The first generation, CDNA 1, debuted in the AMD Instinct MI100 accelerator, introducing the foundational matrix core technology and support for PCI Express 4.0. Its successor, CDNA 2, represented a significant leap and powered the AMD Instinct MI200 series, including the MI250X. CDNA 2 introduced AMD Infinity Cache, a large last-level cache to reduce memory latency, and was the first GPU to use a multi-chip module design, codenamed "Aldebaran," combining two compute dies. It also featured enhanced matrix cores supporting new data types like FP64 and BFLOAT16, and was the first to offer unified memory access between CPU and GPU in conjunction with AMD EPYC processors via AMD Infinity Fabric. The subsequent CDNA 3 generation, announced for future MI300 accelerators, promises further integration, potentially leveraging chiplet technology and advanced packaging like 3D-stacked memory to target upcoming exascale computing systems.

Applications and Implementations

CDNA-based accelerators are primarily deployed in large-scale supercomputer installations and private data centers for computationally intensive tasks. Notable deployments include the Frontier system at Oak Ridge National Laboratory and the LUMI system in Finland, both of which leverage AMD Instinct MI250X accelerators to achieve exascale computing milestones. These systems are used for simulations in fields like computational fluid dynamics, climate modeling, and molecular dynamics, as well as for training large artificial intelligence models. In the commercial sector, companies utilize these accelerators for data analytics, financial modeling, and genomic sequencing through partnerships with original equipment manufacturers like Hewlett Packard Enterprise and Supermicro. The architecture also supports key software ecosystems, including ROCm, AMD's open software platform for GPU computing, which competes with Nvidia's CUDA platform.

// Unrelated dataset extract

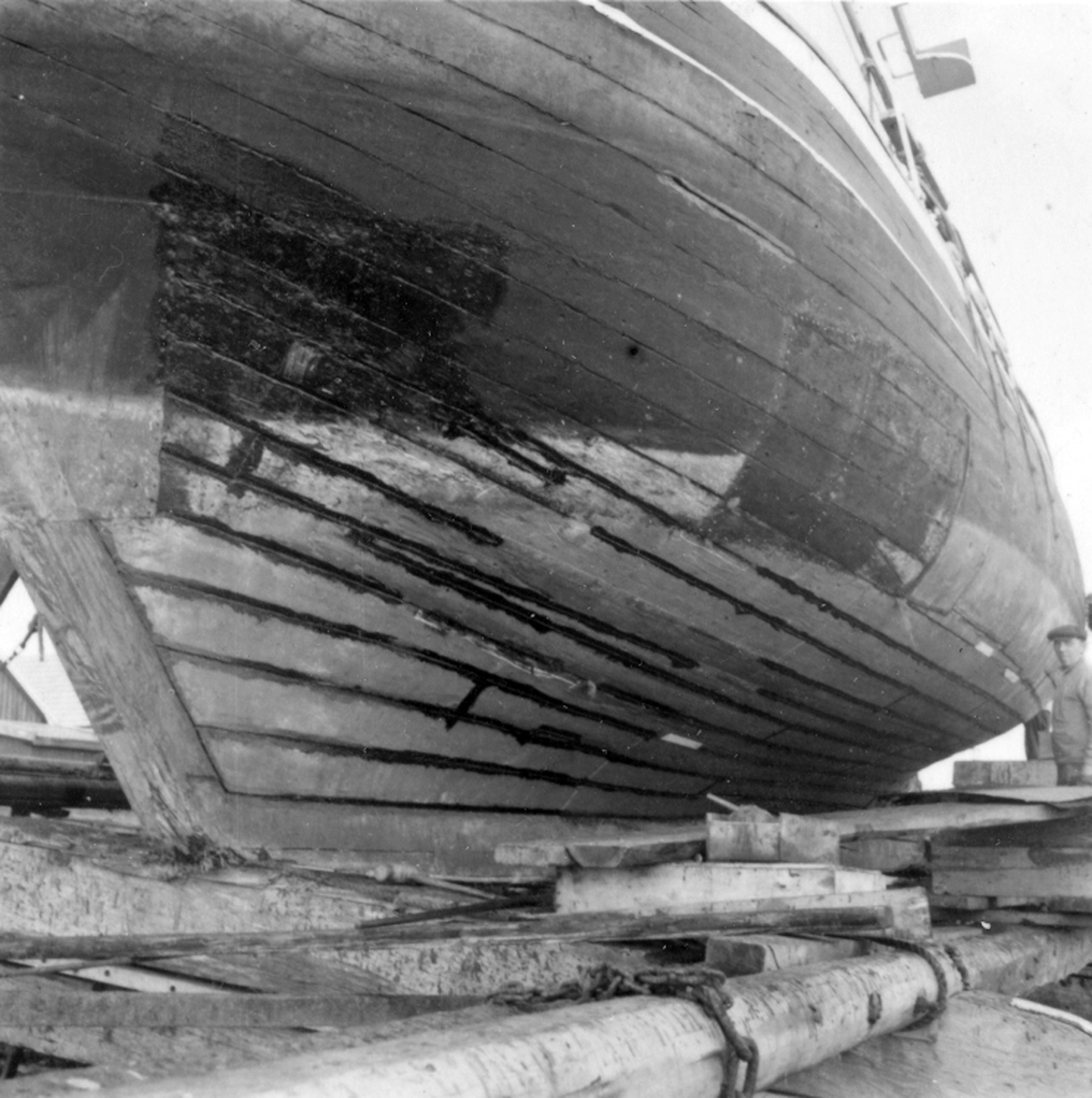 Titel: Fredrik Johanssons varv. Jakten Vega av Degerhamn, byggd i Bergkvara 1909. På slip för drivning. Skrovet sett underifrån.

Comparison with RDNA Architecture

While both architectures share a lineage from Graphics Core Next, CDNA and RDNA are optimized for distinctly different markets. The RDNA architecture, used in Radeon RX series graphics cards like the RX 6000 series, prioritizes high frames per second and visual fidelity for video games, featuring hardware for geometry processing and pixel shading. In contrast, CDNA removes most graphics-focused hardware, reallocating the transistor budget towards more compute units, larger matrix cores, and high-bandwidth Infinity Fabric interconnects. This gives CDNA a decisive advantage in double-precision (FP64) performance, a key metric for scientific computing, whereas RDNA excels in single-precision (FP32) tasks common in gaming. Furthermore, CDNA incorporates extensive reliability features like full error-correcting code memory support, which are typically absent or reduced in consumer-focused RDNA designs.